Indoor localization is a challenging task and there exist no universal solution for all possible applications. External infrastructure, such as networked cameras, is efficient for localization in limited areas . In large buildings the most precise agent’s pose estimates are obtained with laser scanners , passive cameras  or active RGB-D sensors . Using these sensors it is possible to simultaneously localize the agent and build a map of the environment, solving the Simultaneous Localization and Mapping (SLAM) problem. Unfortunately, laser scanners are expensive, whereas processing camera or RGB-D images is computationally demanding, and requires a sophisticated processing pipeline to achieve satisfactory results . In SLAM we assume that no a priori information about the building structure is available. However, in practical applications building floor plans can be often gathered prior to the operation of the localization system. Having an access to a priori map enables us to use WiFi signal information for indoor localization. Nowadays, WiFi networks are ubiquitous in public buildings, offices, shopping malls, etc. Moreover, almost every mobile robot is equipped with a WiFi adapter used for connecting with the Internet or for remote operation. These adapters are also commonly available in mobile phones and tablets that may be used for personal indoor localization 
. Therefore, WiFi information can be exploited to provide rough, global position estimates, without additional costs of exteroceptive sensors. One important issue that prevents wider adoption of this solution for indoor localization is the need to survey the entire environment for a WiFi signal strength map prior to the operation of the localization system.

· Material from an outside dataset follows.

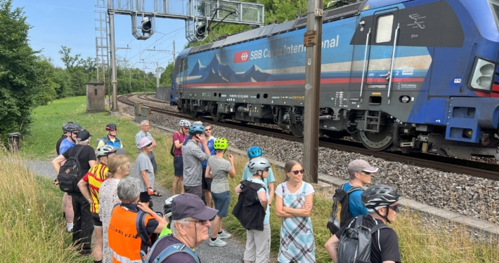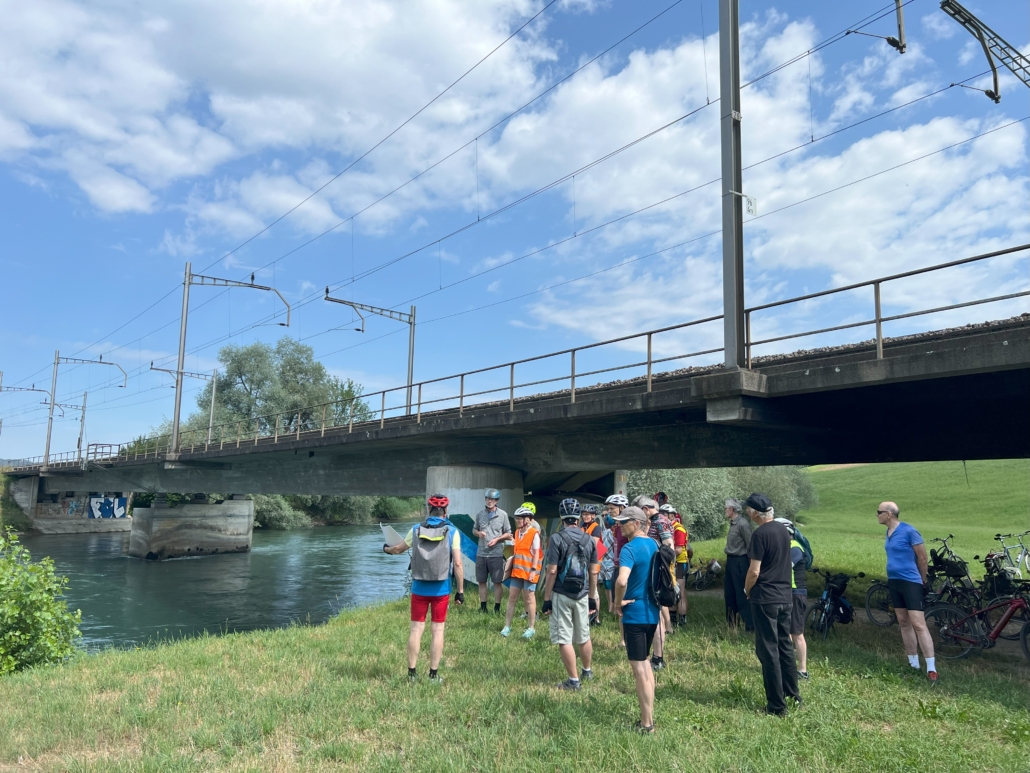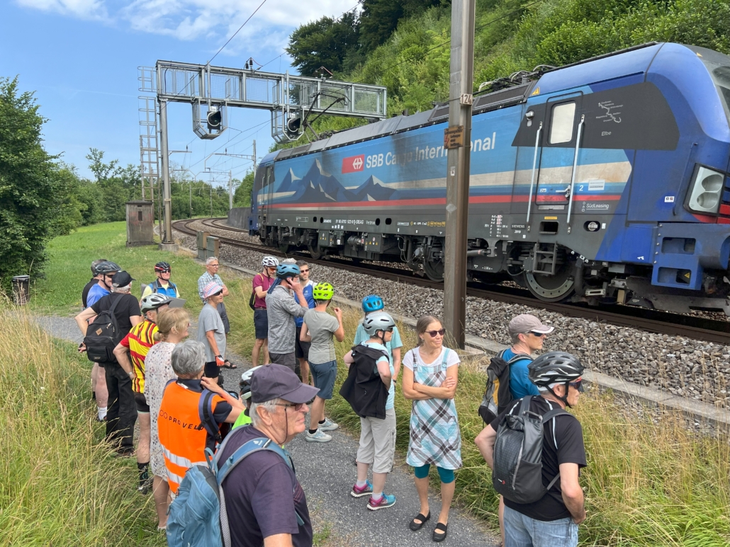 Nach einer kurzen Fahrt zur Brücke über den Geleisen bei Zweiern wurden wir von zwei durchfahrenden Zügen mit lauten Pfiffen begrüsst. Freude herrschte über diese Aufmerksamkeit!

Thus, in this paper, we investigate if deep learning – a recent and powerful machine learning paradigm can provide a global location recognition solution from WiFi data on a sparse map of scans, and at a significantly reduced effort for manual tuning.
2 Related work
Indoor localization with WiFi for mobile robots is an old idea , that was proved to be effective in systems using particle filtering approaches and joining WiFi localization with odometry readings . Possible application environments include buildings with existing WiFi infrastructure where other solutions are too expensive or yet not reliable enough, i.e. for refinery inspection . Although the most advanced WiFi systems are used for personal indoor localization with mobile devices (smartphones) in order to provide efficient navigation inside buildings and allow to gather statistical information about the movement of clients inside shopping malls, airports, etc.

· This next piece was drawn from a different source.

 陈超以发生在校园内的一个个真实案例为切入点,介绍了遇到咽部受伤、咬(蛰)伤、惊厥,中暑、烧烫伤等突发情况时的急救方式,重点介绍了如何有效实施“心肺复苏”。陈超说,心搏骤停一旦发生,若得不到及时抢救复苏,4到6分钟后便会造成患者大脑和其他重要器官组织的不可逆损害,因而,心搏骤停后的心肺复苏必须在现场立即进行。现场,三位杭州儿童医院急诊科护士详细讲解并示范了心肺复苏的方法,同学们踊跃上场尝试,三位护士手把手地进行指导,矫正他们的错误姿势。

The typical WiFi scan taken using a mobile device or WiFi adapter in mobile robot contains the names of observed WiFi networks, their MAC addresses and corresponding signal strengths in dBm. Methods to estimate position can be divided into two groups: WiFi ranging  and WiFi fingerprinting . In WiFi ranging, the properties of WiFi signal wave are exploited to directly estimate the distance to the access points (APs). These solutions work with clear line-of-sight but are impractical inside buildings due to multiple signal occlusions, wall reflections and overall influence of people. WiFi fingerprinting methods focus on efficiently comparing achieved WiFi scans to the prerecorded database of scans inside buildings and thus are more robust to local signal disturbances.
The processing pipeline for indoor localization systems (ILS) using WiFi fingerprinting is presented based on systems taking part in annual smartphone-based localization challenge at Indoor Positioning and Indoor Navigation conference . The current state-of-the-art WiFi fingerprinting methods assume hierarchical approach to indoor localization, where the captured scan is at first used to precisely estimate the building where the user is located. The most common solution is to associate each Access Point to the building based where the strongest signal of that network was observed in the recorded database. During localization, each network in WiFi scan is analyzed and building is located based on simple voting for each network. Similar procedures are then proposed to estimate proper floor inside the building. The building and floor are usually correctly predicted in of cases .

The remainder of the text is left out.